Dev finds fun bug in tricky but powerful source control tool

A quirk in the way Git handles data deduplication can be exploited to crash most computers with a single Git command.

Developer Kate Murphy said this "Git bombing" can be pulled off by creating and organizing a repository of just 12 4KB objects so that cloning it fills up all available RAM and swap space until the machine either falls over or the Git process is killed – a denial-of-service, in other words.

The crash is triggered with the following command:

$ git clone https://github.com/Katee/git-bomb-segfault.git

By using a technique similar to the Billion Laughs XML bomb, the Git Bomb floods storage and memory by trying to create a billion objects.

Murphy told The Register she discovered the oddity in the open-source code management tool while working with fellow developer Wesley Aptekar-Cassels to examine the way Git handles the nesting of large objects.

"I wasn't looking for this bug in particular I was just exploring how git handles weird situations with Wesley," Murphy explained.

"With him I learned a bunch about git internals by crafting many weird repos, exploring the behaviour with a debugger, and reading relevant source code."

After crafting the proof-of-concept repo, Murphy said she reported the issue to Git-hosting biz GitHub, which has since kicked out an update to reject the Git Bomb repositories, and this week credited Murphy with the bug discovery and a bounty from Hackerone.

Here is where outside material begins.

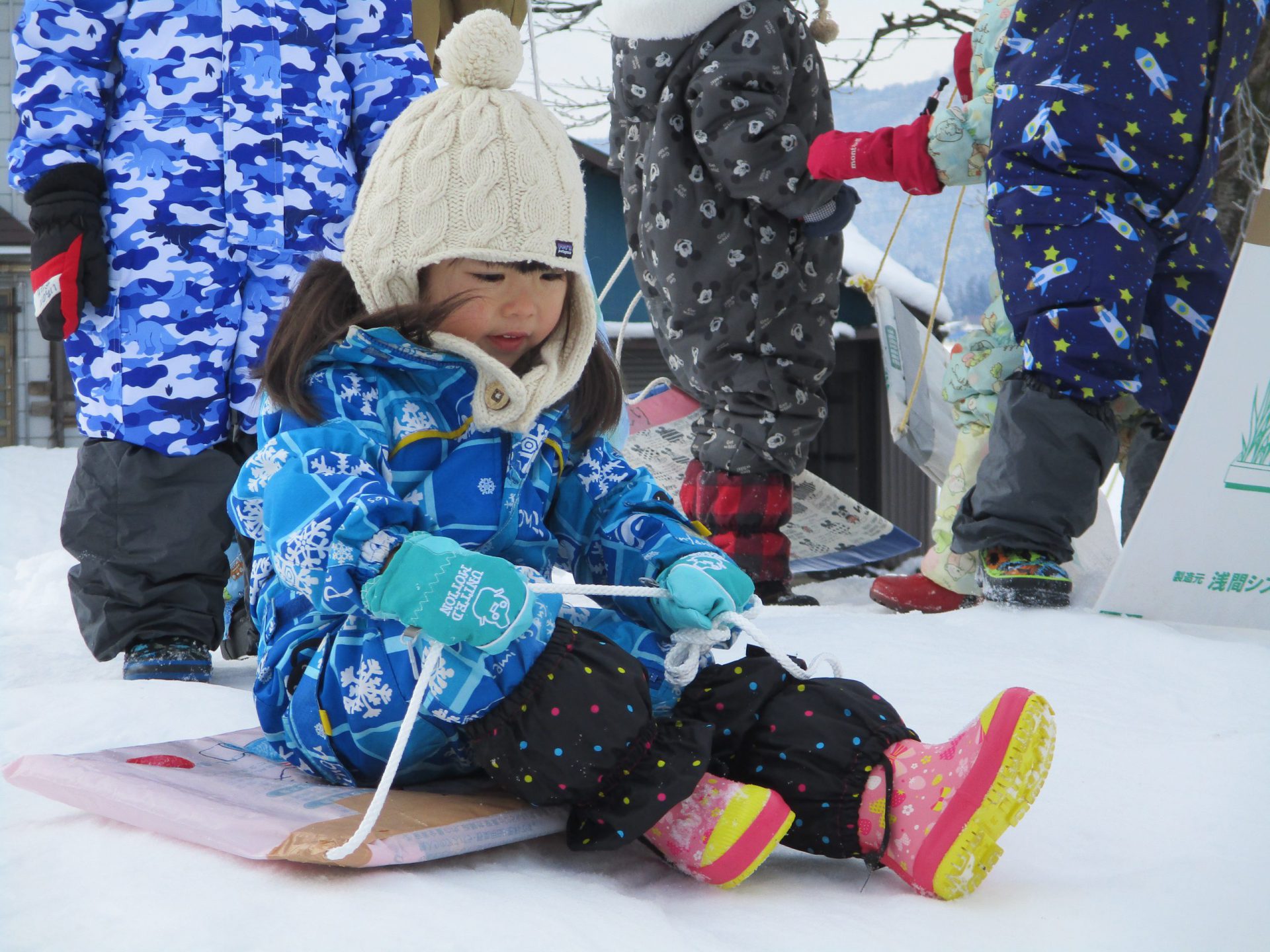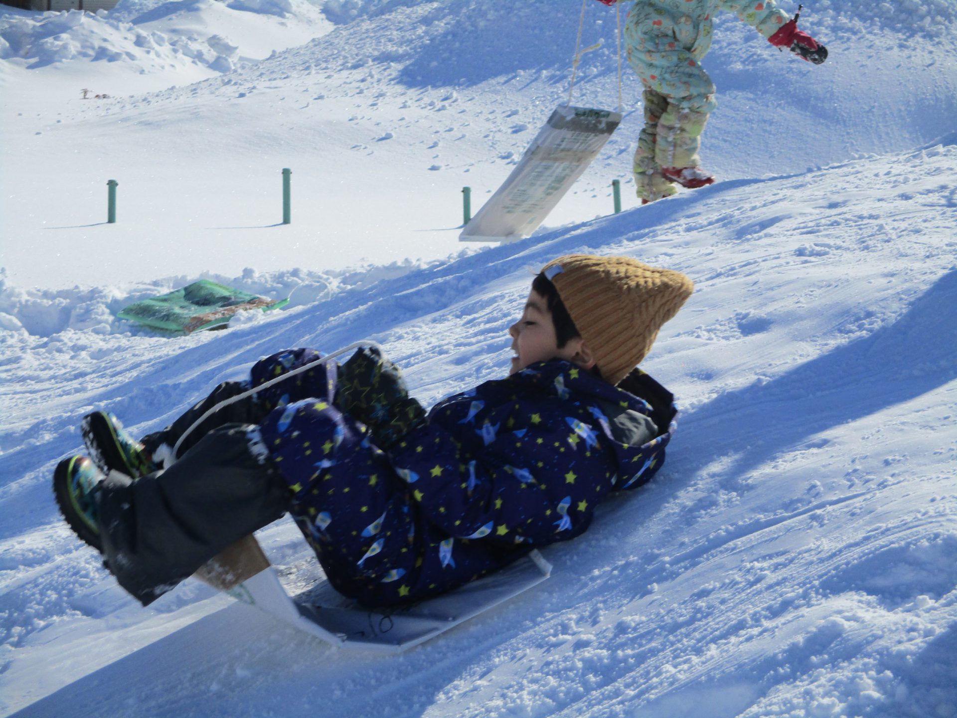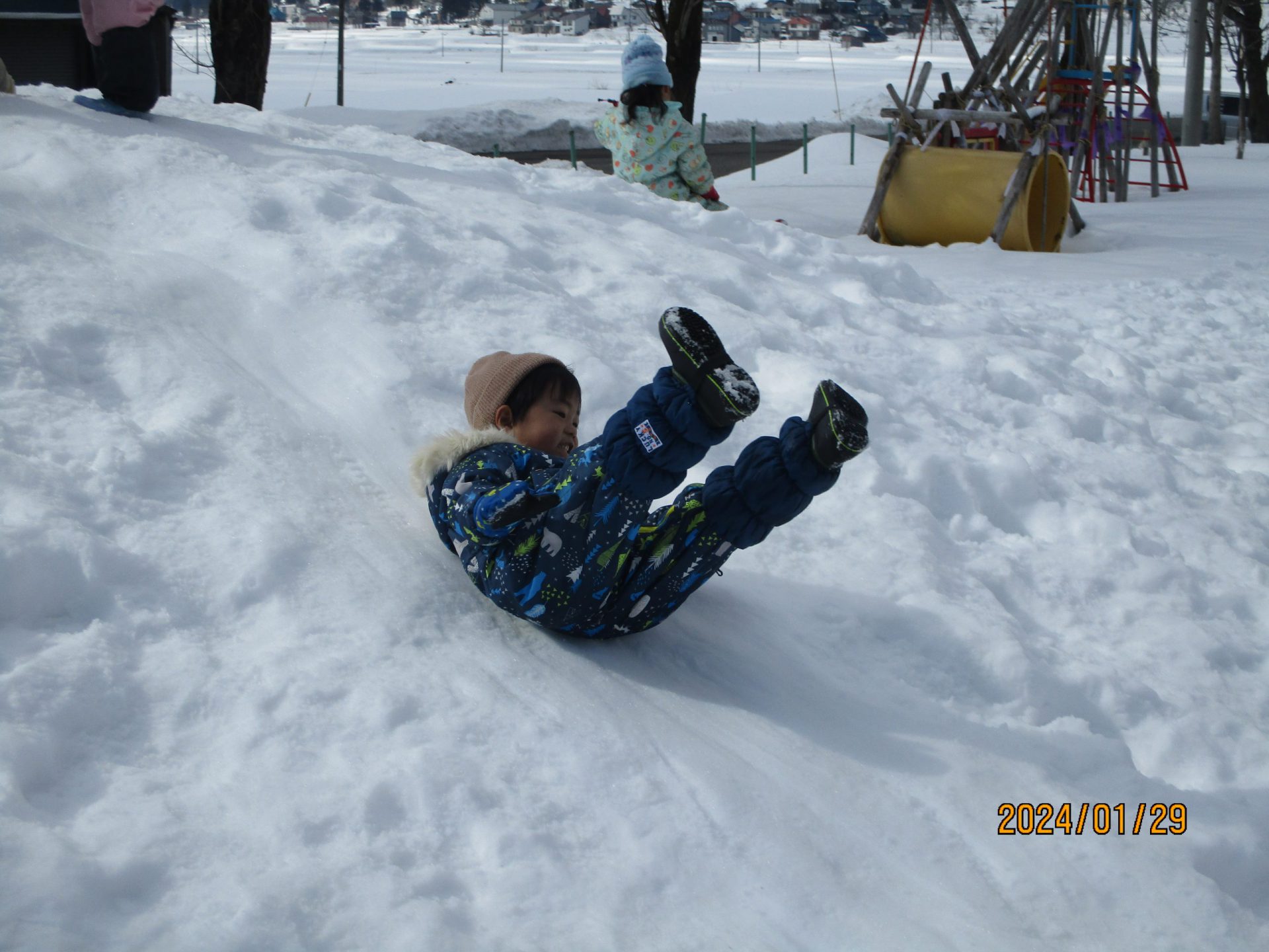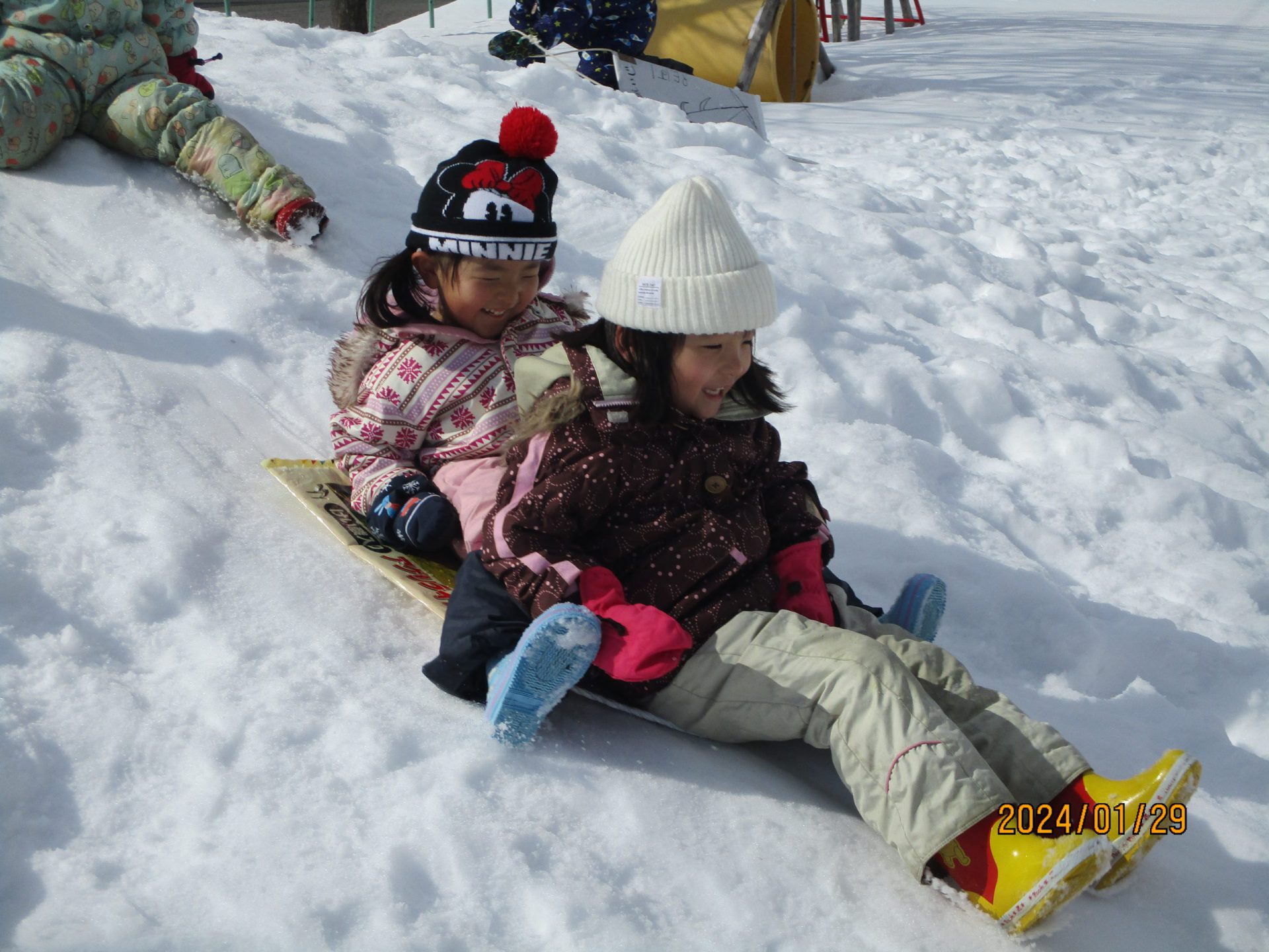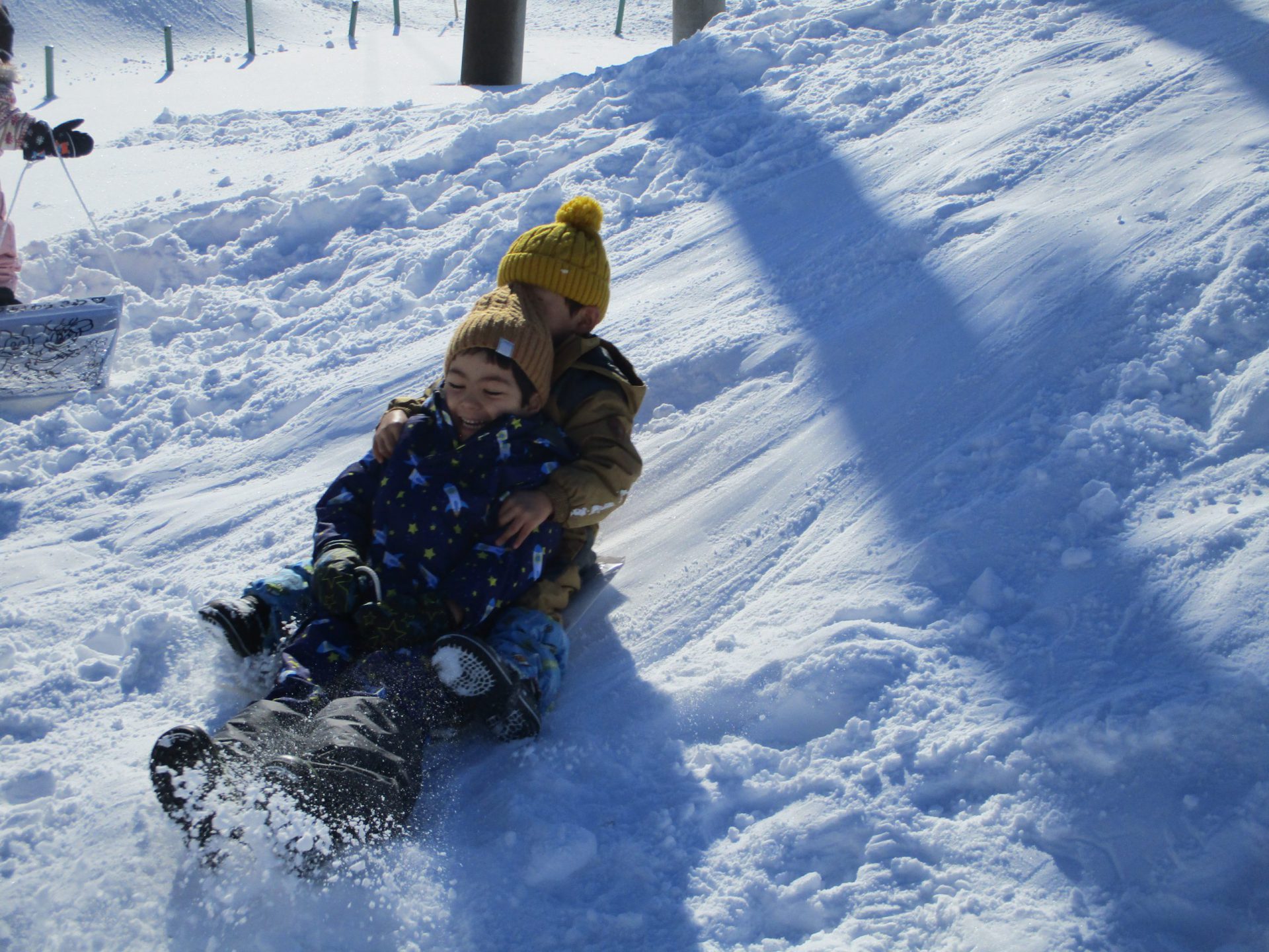 雪山から年中児さん年長児さんが作ってくれた雪山コースをお尻や、お家の方が作ってくださった手作りソリで滑り降りることを繰り返し楽しんでいます。スピードを楽しんだり、友達と連なって滑る楽しさも味わっています。

Murphy said that while the issue wasn't a straightforward security flaw that put machines at risk, it illustrates the problems and quirks that can arise when running continuous integration developer tools.

"It's not really a random flaw, it's just a hard balance to strike. Github and other services like them (especially CI services that run your entire test suite) need to do a bunch of computation for you," the programmer said. "Vanilla git does have some specific flaws when it comes to the directory walking. Companies have needed to write their own code to be able to handle repos beyond a certain size."